La storia dell’Argentina ci riguarda, come italiani, da vicino e non solo per i forti nessi culturali dettati dall’immigrazione italiana nel Paese dei gauchos, che rischiò persino di soppiantare nella lingua nazionale lo spagnolo (nomi come Peron, Scioli, Macri, Bergoglio, tradiscono una chiara origine italiana), ma per le evidenti analogie tra l’Italia ed il Paese sudamericano non tanto per i fondamentali e le strutture economiche, assolutamente diverse, quanto per la questione della sovranità monetaria, perduta o riconquistata.

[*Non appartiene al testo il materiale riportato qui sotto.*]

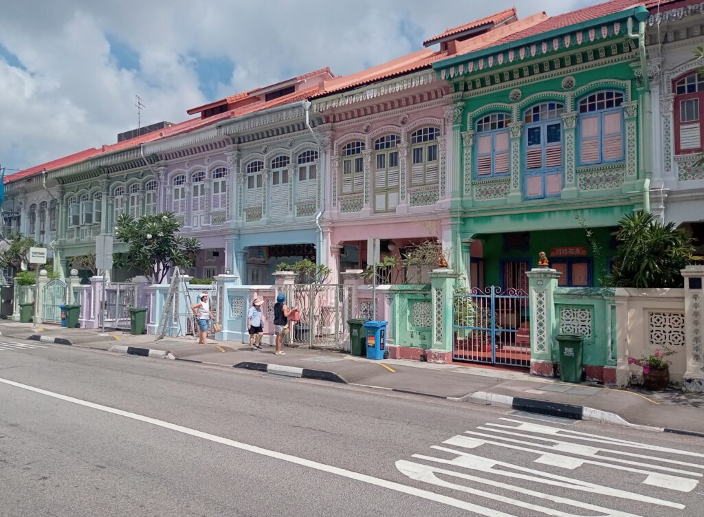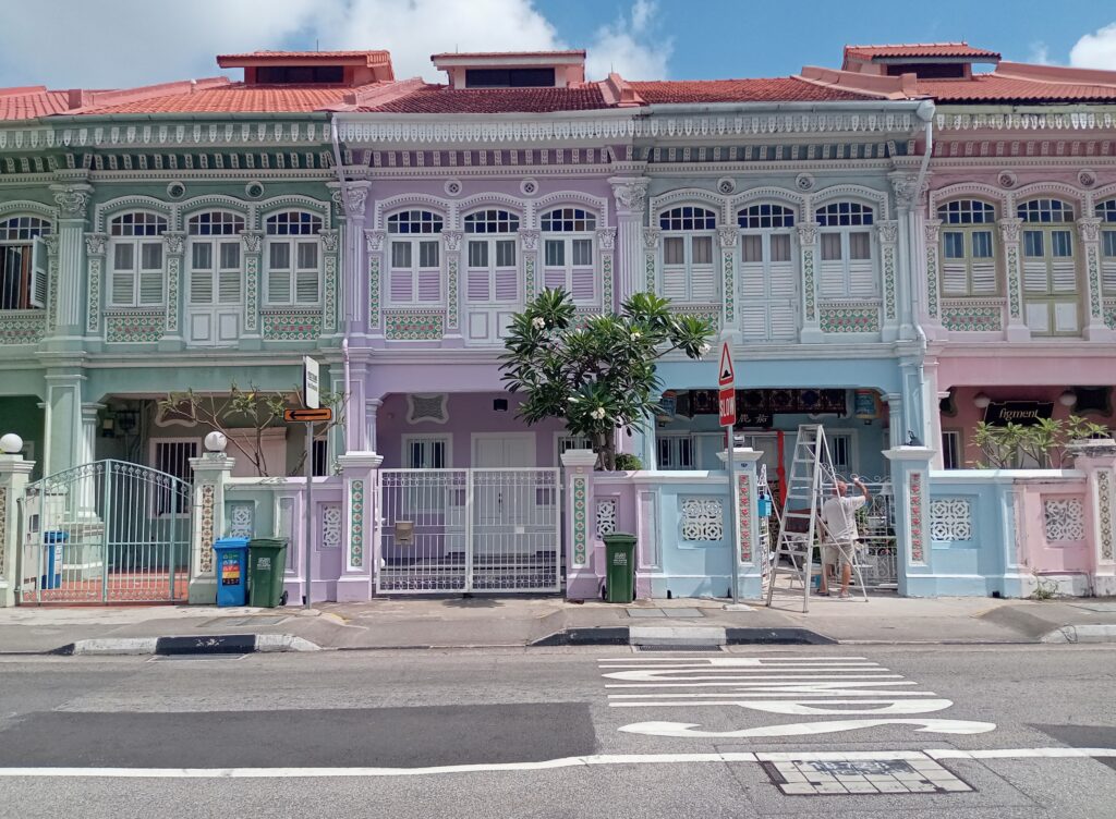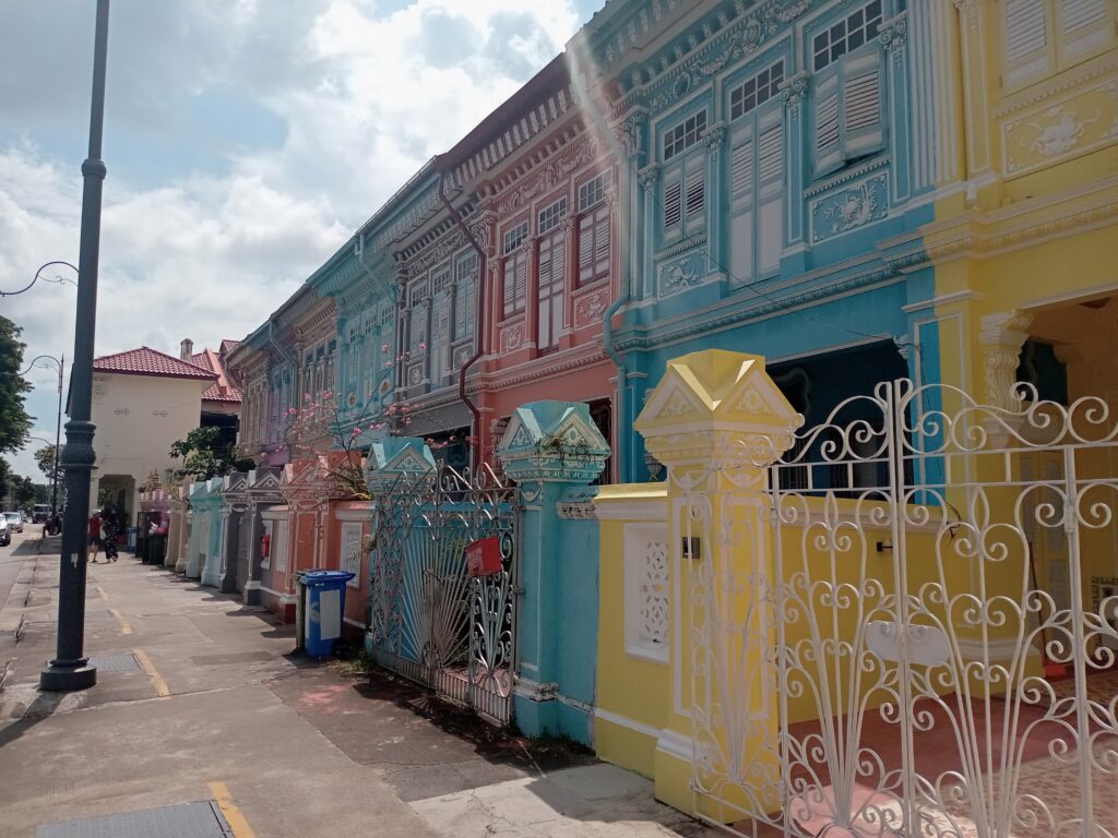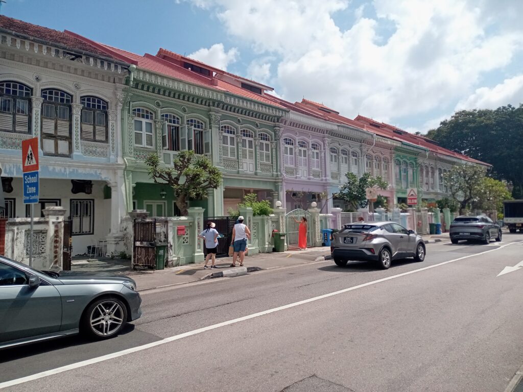 そして、近くのラッフルズ・プレイス駅から、MRTを乗り継いでマリン・パレード駅へ。ここから、10分くらい歩いたところに、カトンと呼ばれるエリアがあり、プラカナン文化が色づく家並みが見られるクーン・セン・ロードがあります。近くには、ショップやレストランがあり、中心部とは異なる雰囲気の街並みが広がっています。

Infatti l’analogia tra l’aggancio del peso al dollaro, sperimentato dall’Argentina negli anni ‘90, e quella della lira al marco, realizzato entrando nell’eurozona, è molto forte. La rinuncia alla sovranità monetaria attraverso l’euro, nel nostro caso, fu presentata, ed ancora è presentata, come l’evento che ci avrebbe difeso da una crisi “di tipo argentino”. Tuttavia, fin dal 2006 un economista di fama come Nouriel Roubini aveva rovesciato la prospettiva e messo in evidenza che l’entrata nell’euro aveva esposto l’Italia agli stessi rischi corsi dall’Argentina agganciandosi al dollaro ossia alla perdita di competitività ed all’accumulo di debito estero, con forte rischio di default.
I dati e la storia hanno dato ragione all’economista francese.